In our latest read, “Testing The Quality Of ChatGPT Responses: A Report From The Field,” @paulmaxwellwalters takes us through a hands-on exploration of assessing AI grading systems. This article gives a practical perspective on evaluating Large Language Models (LLMs) like GPT-3.5 and GPT-4, focusing on their ability to grade student assignments accurately and effectively.
The piece shares insights into setting up tests, measuring accuracy, relevance, and providing feedback. It’s a must-read for anyone looking to understand how to gauge LLM performance in real-world applications.
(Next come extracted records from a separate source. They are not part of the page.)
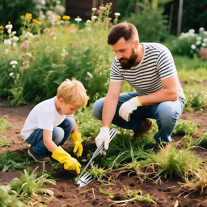 - [Four-tooth dual-purpose weeder]: The unique four-tine V-shaped dual-purpose design ensures thorough penetration in all soil types, eliminating the need for manual weed removal! Even in tight spaces, weed puller tool can easily handle stubborn plants like deep-rooted thistles and dandelions, delivering an efficient gardening experience.
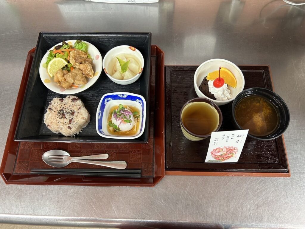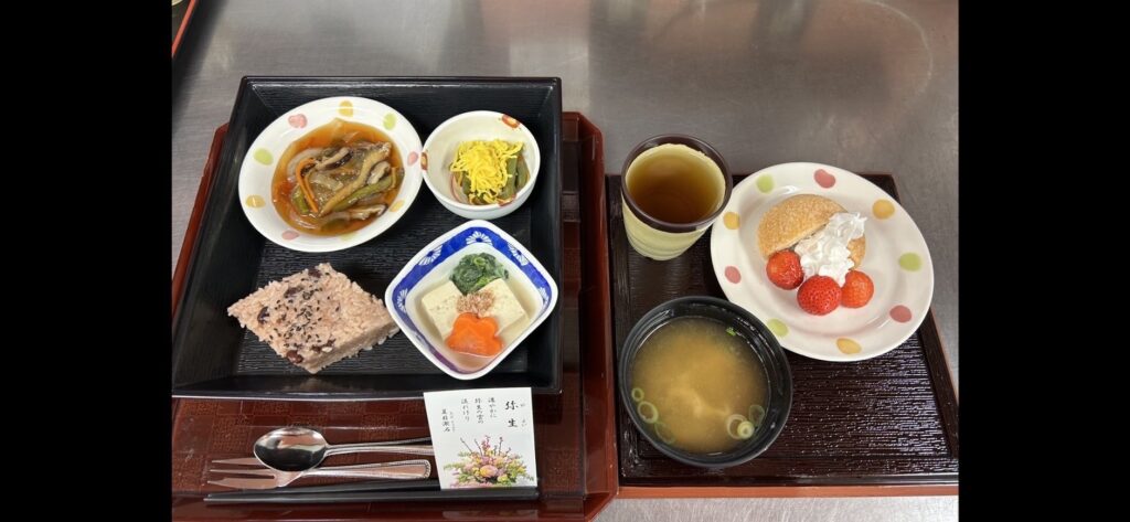 メニュー: 赤飯 ・ 松風焼き ・ マグロの刺身 ・すまし汁 ・デザート
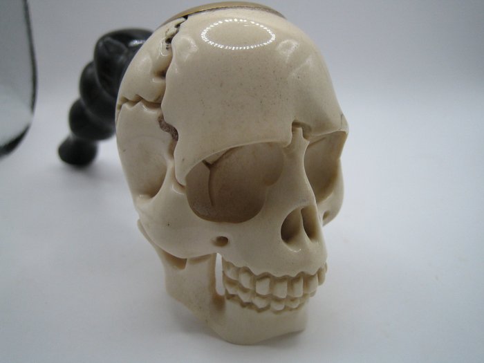 Handgesneden schedel uit hertenhoorn of wrattenzwijn slagtand
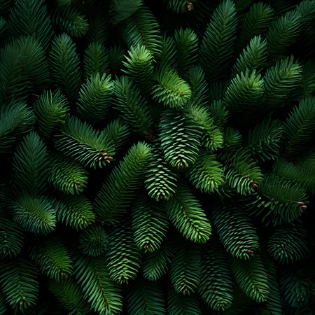 AI Generated. Close up view of dark green fir needles creating a natural textured backdrop
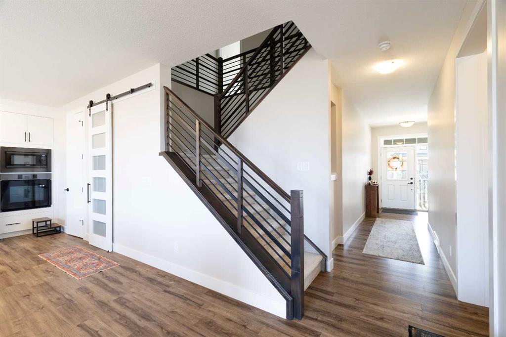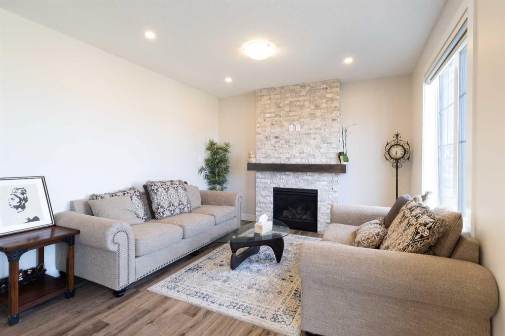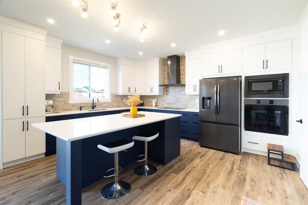 Welcome to your dream home in Southwinds, Airdrie! This brand-new 5-bedroom, 3.5-bathroom home sits on an oversized pie-shaped lot that backs directly onto a walking path and playground—an unbeatable location for families and outdoor enthusiasts. With over $115,000 worth of upgrades inside, you’ll love the open-concept layout with luxury vinyl plank flooring, a main-floor bedroom with full bath, and a modern kitchen featuring high-end stainless steel appliances, sleek cabinetry, and a large island with breakfast bar. The spacious dining area flows seamlessly into the living space—perfect for hosting and everyday living. Upstairs offers a versatile bonus room, a luxurious primary suite with walk-in closet and spa-inspired ensuite, plus three additional bedrooms and another full bath—ideal for large or multi-generational families. The unfinished basement with a separate entrance awaits your personal touch—create the perfect rec room, home gym, or additional living space tailored to your needs, including 9 feet ceilings on each floor. Enjoy direct access to green space from your expansive backyard—ideal for kids, pets, and peaceful evening strolls. This home offers the perfect blend of style, space, and location in one of Airdrie’s most desirable communities. Don’t miss this rare opportunity—book your showing today!

Have you got any thoughts on how this could apply to your work with evaluating AI responses? Perhaps you’ve got you’re own strategies and experiences to share. The more insights shared, the better; you can help shape other’s approaches to LLM evaluation.
like anything we need to separate out the response into it’s component parts, the “generative part” needs separating from the data-aggregation/generalization part, and the truthiness component becomes easier to test for at that point. How you do that separating is a job for the implementation to expose as metadata. Basically don’t test the entire thing, break it down?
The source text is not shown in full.